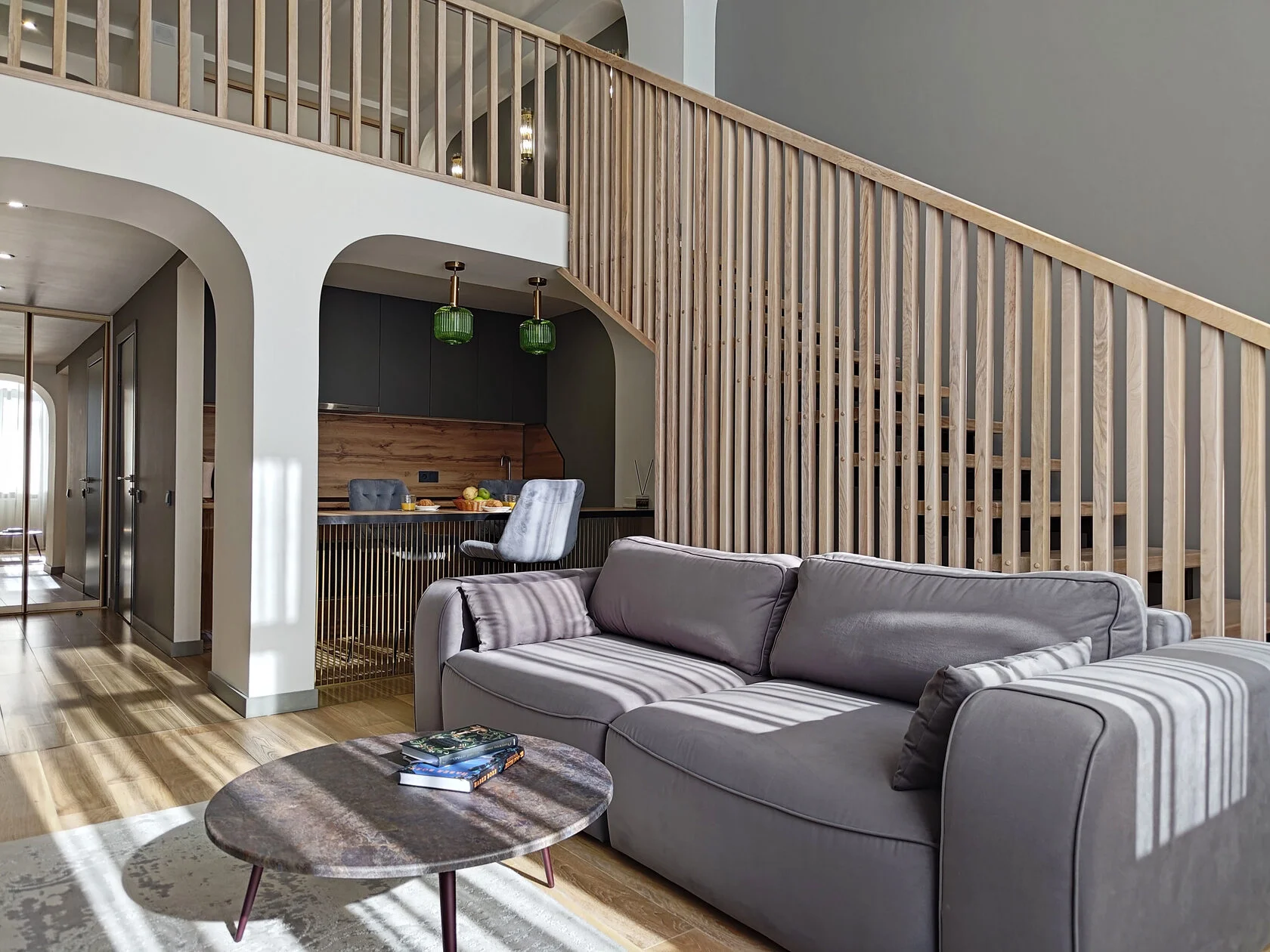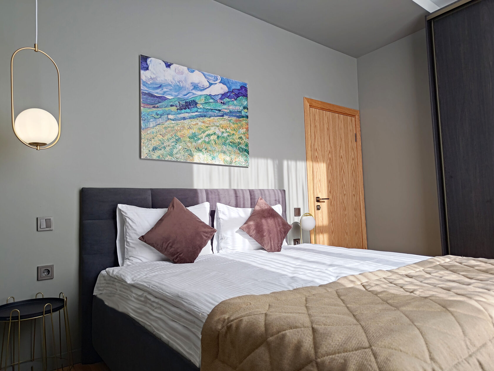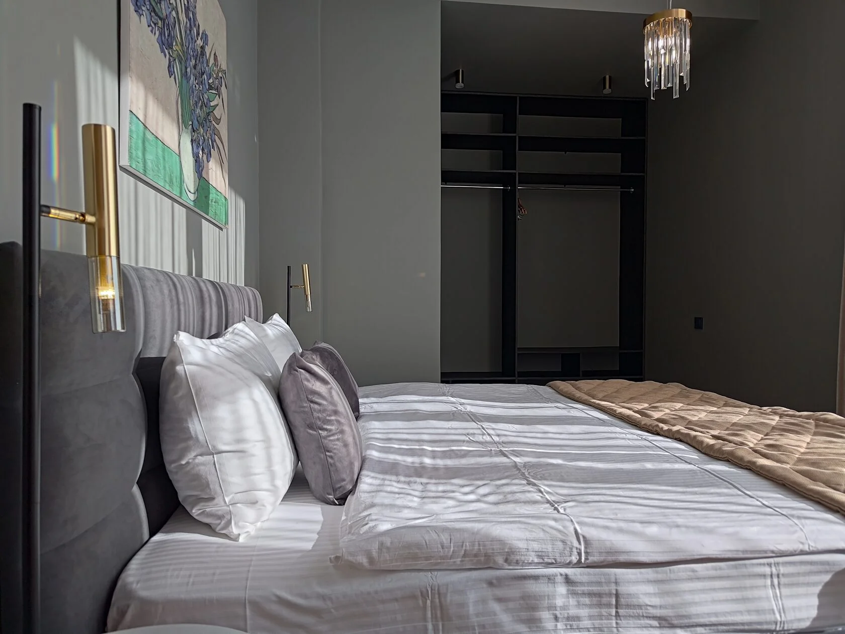 В номере: гардеробная, диван раскладной, кровать двуспальная, прикроватные столики, пуфик, стол, стол обеденный, стулья, шкаф, гладильная доска, кондиционер, микроволновая печь, набор посуды, плита индукционная, посудомоечная машина, стиральная машина, сушилка для белья, телевизор ЖК, утюг, холодильник, электрочайник
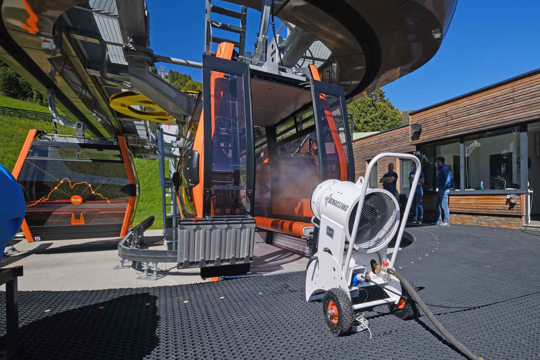 DEMACLENKO, bisher vorrangig im Beschneiungssektor tätig, hat deshalb ein vollautomatisches System entwickelt, mit dem Skigebiete die Desinfektion der Kabinen ohne personellen Mehraufwand bewerkstelligen können. In einigen Skigebieten, wie z.B. Stubai und Plose, war das System schon im Einsatz.
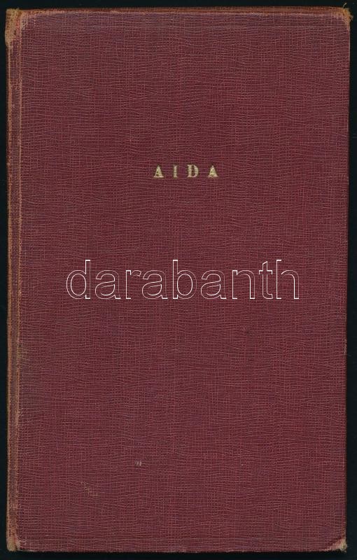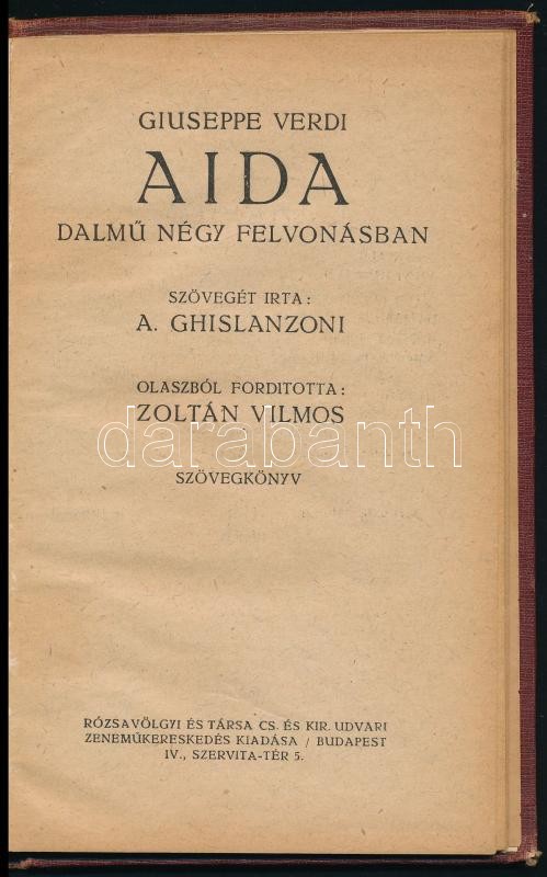 Guiseppe Verdi: Aida. Dalmű négy felvonásban. Szövegét írta A. Ghislanzoni. Fordította: Zoltán Vilmos. Bp., é.n, Rózsavölgyi és Társa Cs. és Kir. Udvari Zeneműkereskedés Kiadása. Kiadói egészvászon-kötés, kopottas borítóval.

···

→ **Work instructions**: Images are to be left out; everything else in the material must be written out exactly.

→ **Result**:
 В номере: гардеробная, диван раскладной, кровать двуспальная, прикроватные столики, пуфик, стол, стол обеденный, стулья, шкаф, гладильная доска, кондиционер, микроволновая печь, набор посуды, плита индукционная, посудомоечная машина, стиральная машина, сушилка для белья, телевизор ЖК, утюг, холодильник, электрочайник
 DEMACLENKO, bisher vorrangig im Beschneiungssektor tätig, hat deshalb ein vollautomatisches System entwickelt, mit dem Skigebiete die Desinfektion der Kabinen ohne personellen Mehraufwand bewerkstelligen können. In einigen Skigebieten, wie z.B. Stubai und Plose, war das System schon im Einsatz.
 Guiseppe Verdi: Aida. Dalmű négy felvonásban. Szövegét írta A. Ghislanzoni. Fordította: Zoltán Vilmos. Bp., é.n, Rózsavölgyi és Társa Cs. és Kir. Udvari Zeneműkereskedés Kiadása. Kiadói egészvászon-kötés, kopottas borítóval.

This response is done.